The following commit(s) were added to refs/heads/main by this push:
     new 71fec4e661a [Providers/HTTP] Add adapter parameter to HttpHook to 
allow custom requests adapters (#44302)
71fec4e661a is described below

commit 71fec4e661ae4858dfe0f3797124c68b87aa13b2
Author: Jiao, Hsu <[email protected]>
AuthorDate: Tue Dec 3 18:44:17 2024 +0800

    [Providers/HTTP] Add adapter parameter to HttpHook to allow custom requests 
adapters (#44302)
    
    * feat(http-hook): add adapter parameter to HttpHook and enhance get_conn
    
    - Added `adapter` parameter to `HttpHook` to allow custom HTTP adapters.

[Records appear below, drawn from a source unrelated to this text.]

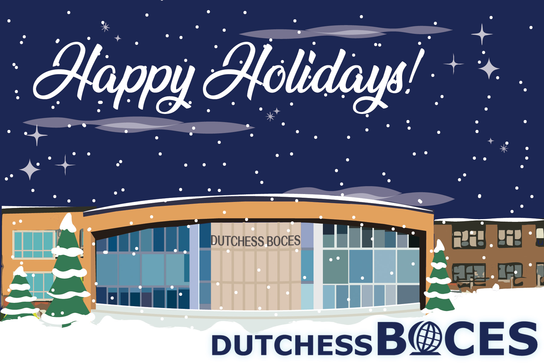 This year, Dutchess BOCES distributed an animated holiday card that featured a drawing of the central building on its 5 Boces Road campus in Poughkeepsie, with snow falling and a jingle playing in ...
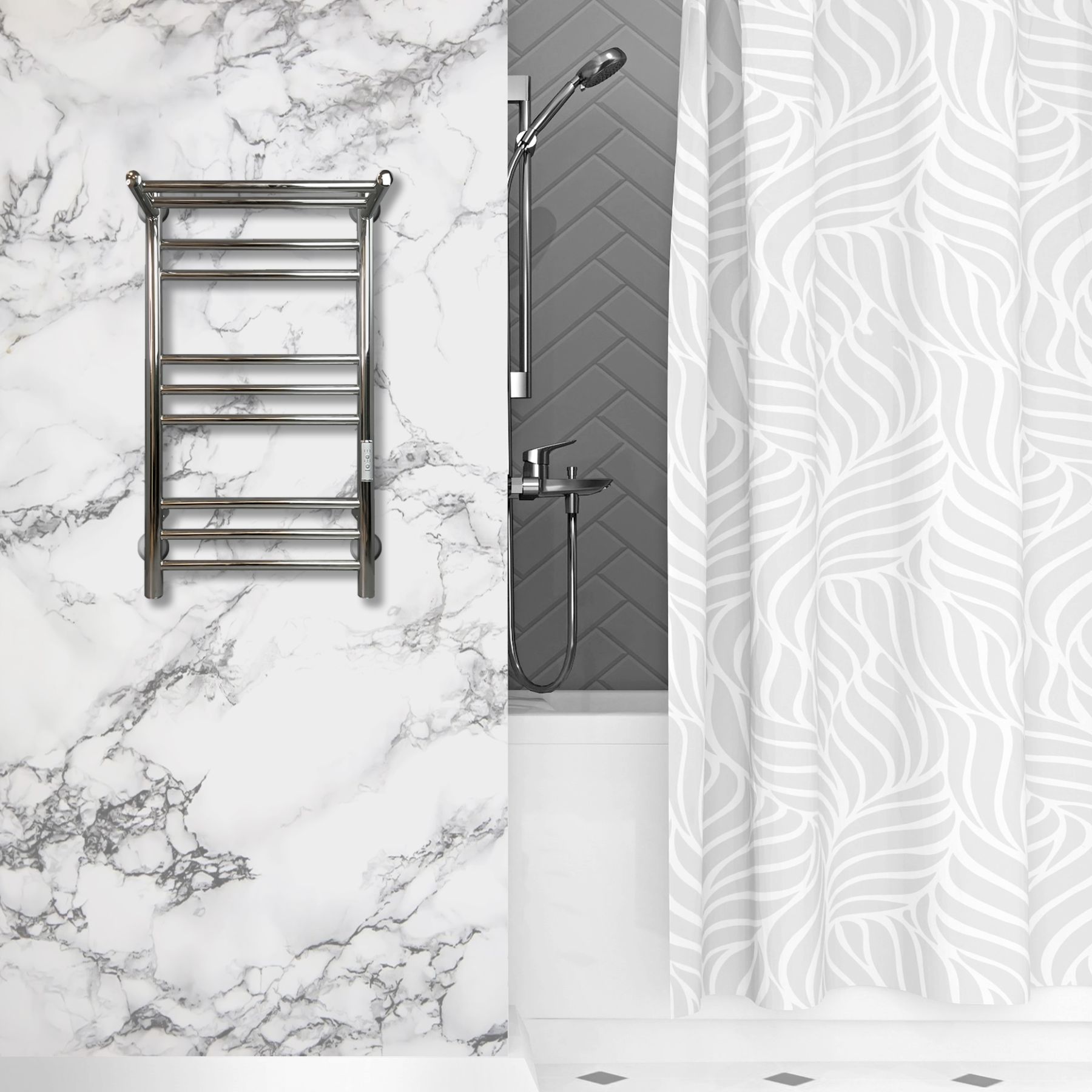 Модель имеет терморегулятор нагрева, у которого три режима: 40, 45, 50 градусов и таймер на отключение через 2, 4, 6 часов.  Полотенцесушитель с терморегулятором удобен тем, что температуру можно настроить в зависимости от вашего комфортного самочувствия.
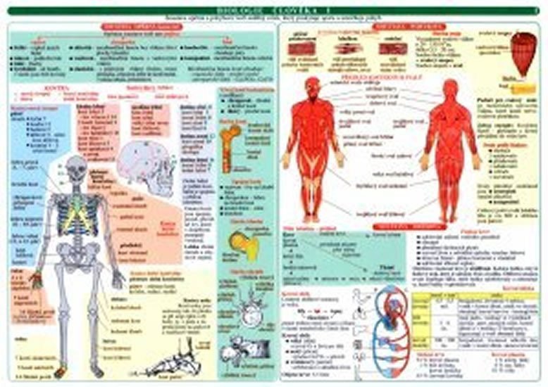 Dvě tabulky jsou určené žákům a studentům přírodopisu. Názorně na obrázcích představují přehled učiva o biologii člověka členěný na soustavu opěrnou a pohybovou, oběhovou, imunitní, dýchací, trávicí, řídící, kožní, močovou a rozmnožovací. Předností tabulky je slovníček cizích pojmů, vyskytujících se v popisu učiva.

    - Modified `get_conn` to support mounting custom adapters or using 
TCPKeepAliveAdapter by default.
    - Added comprehensive tests to validate the functionality of the `adapter` 
parameter and its integration with `get_conn`.

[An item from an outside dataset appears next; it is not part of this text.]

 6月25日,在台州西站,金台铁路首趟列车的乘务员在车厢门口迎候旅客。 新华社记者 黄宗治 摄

    - Ensured all new tests pass and maintain compatibility with existing 
functionality.
    
    * fix(http_hook): Update docstring and remove redundant TCPKeepAliveAdapter
    
    - Added missing `adapter` parameter description to the HttpHook class 
docstring.
    - Removed redundant instantiation of `TCPKeepAliveAdapter` in the `run` 
method since it's already instantiated in `get_conn`.
    
    * fix(http_hook): improve get_conn session setup and TCP adapter logic
    
    - Ensured proper mounting of TCP Keep-Alive adapter when enabled.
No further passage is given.